Sadly, my last name is not Cruise and I do not have his people. Therefore, I typically find myself sitting behind a monitor with the director, producers, and writers, while a stunt guy does a simple 180 in a stake bed truck, on a closed, four-lane street in season 2, episode 5 of Graceland… not that I’m bitter about it.


Now I have had my fair share of wheel time on screen. I once drove an H2 Hummer about 30 yards on a lakefront and came to a complete stop. I also got to rev the engine of a 2005 Mustang GT, automatic no less, loudly, while the cameras rolled. Then there was the whole “Flail around like an idiot in a stationary Range Rover to simulate a roll over while the camera guys worked their magic” deal.

But the stake bed truck in that one episode of Graceland; that was the one that got away.


Having read the script a week in advance, I knew of the stunt early on and had a chat with my director, Sandy Bookstaver, and stunt coordinator, Chick Bernhard, about how we were going to shoot it.

The scene was a simple one: My character, Carlito Solano (drug lord, human trafficker, and all-around classy guy), would be scooping up Johnny Tuturro (Undercover FBI agent played by my buddy Manny Montana) to head to a little pick up of some product.
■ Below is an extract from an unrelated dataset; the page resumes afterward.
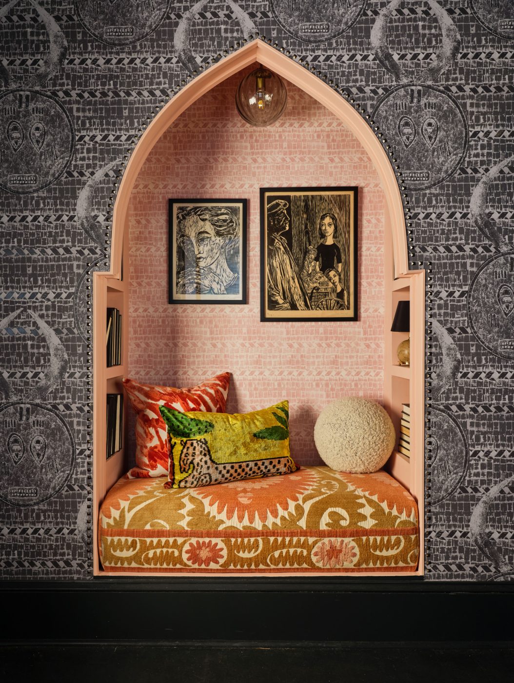 Drawing on her childhood in Nigeria and subsequent travels in Morocco, Schumacher created a cocktail-ready lounge she affectionately dubbed the Pink Rhino Club. Sitting just off the brownstone’s foyer, “it’s designed to feel like a secret hideaway,” she says. “Part bar, part salon — a place that instantly transports you, glamorous and a little untamed.”
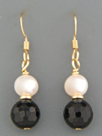 A drop style earring with round faceted Onyx stones and White Pacific Pearls and gold beads.

We’d be driving along in said stake bed truck full of oil drums used to hide the goods.

Suddenly, Carlito gets a call, shit goes south, and the truck flips a bitch to head back in the opposite direction just in time to avoid a hole bunch of stuff getting blown up. Boom. End scene.


It was a beautiful spring night somewhere outside of Ft. Lauderdale. In typical South Florida fashion, a rain shower came and went providing just enough moisture to get the optimum grip/slip ratio for some serious 180 action. I was stoked. Although pretty straightforward, there’s something super cool about pulling 180’s in a big ass truck. Especially one rigged with a rally style, hydraulic e-brake.
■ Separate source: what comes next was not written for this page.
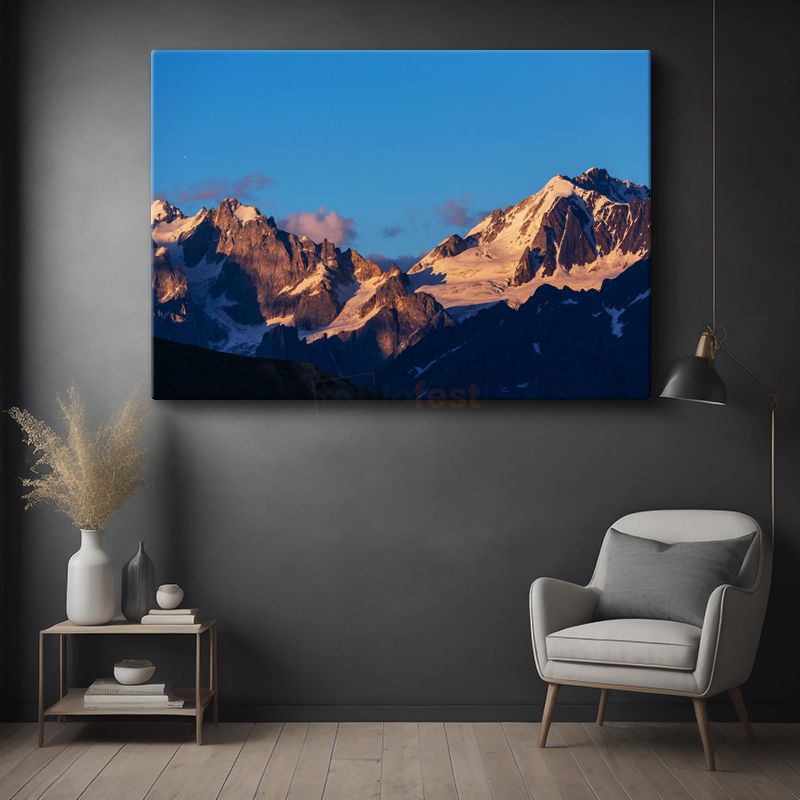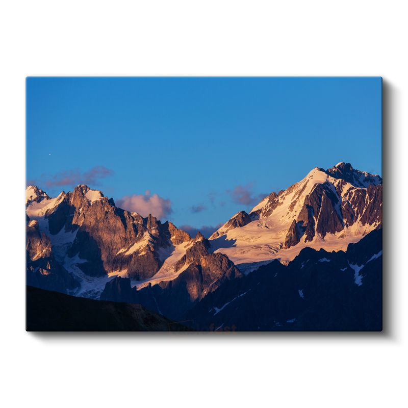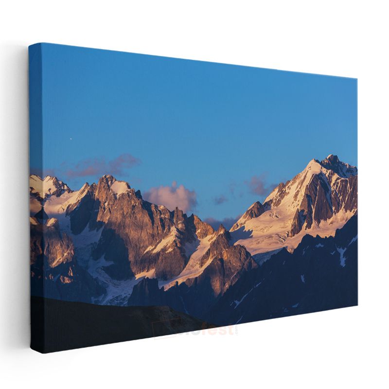 Karlı Dağ Zirveleri - Gün Batımında Altın Işıltılı Doruklar Kanvas Tablo

We shot the first part of the scene: Carlito pulling into frame at about 5 mph and coming to a stop. Nailed it.

For the next portion, the truck was hooked up to a process trailer, which is basically a super low flatbed with all sorts of mounts to rig cameras and lights and other equipment. It allows the vehicle being filmed to be dragged around without actually being driven while the director, DP, and camera guys hang on for dear life. Then the big moment… the 180.


Aside from a handful of onlookers and their camera phones, the four-lane street was closed in both directions for about a half-mile. The plan was to get the truck up to 30 mph or so, apply a little Scandanvian flick, pull the e-brake, and continue in the opposite direction. Something pretty much every one of us did as a teenager. Or last Saturday.

Alas, my time behind the wheel had ended. A stunt double was called in to carry out the task as it was deemed “too dangerous.” Sad face.


To pour salt onto the wound, Graceland would then be cancelled a season later. Carlito will never know the rush of pulling the perfect 180.

Frustrating as it may be, I understand the rationale behind it all. I also realize that regardless of the career path one chooses, it takes time to get to the top and I’ll have my day in the sun.

In fact, I’m already seeing progress. I play a Marine in my upcoming blockbuster (and by blockbuster I mean straight to DVD and on demand) film, Jarhead: The Siege. In it I get to drive a ratty old Tata pickup truck with a .50 cal machine gun mounted in the bed around the former North Korean Embassy in Bulgaria.


Albeit not while the other actor was manning the gun. They used a stunt double for that.

I’m coming for you, Tom Cruise.

Erik Valdez is a native Texan living in Los Angeles who pops up on TV occasionally and races cars in between. He once wrote a two sentence bio about himself in the third person.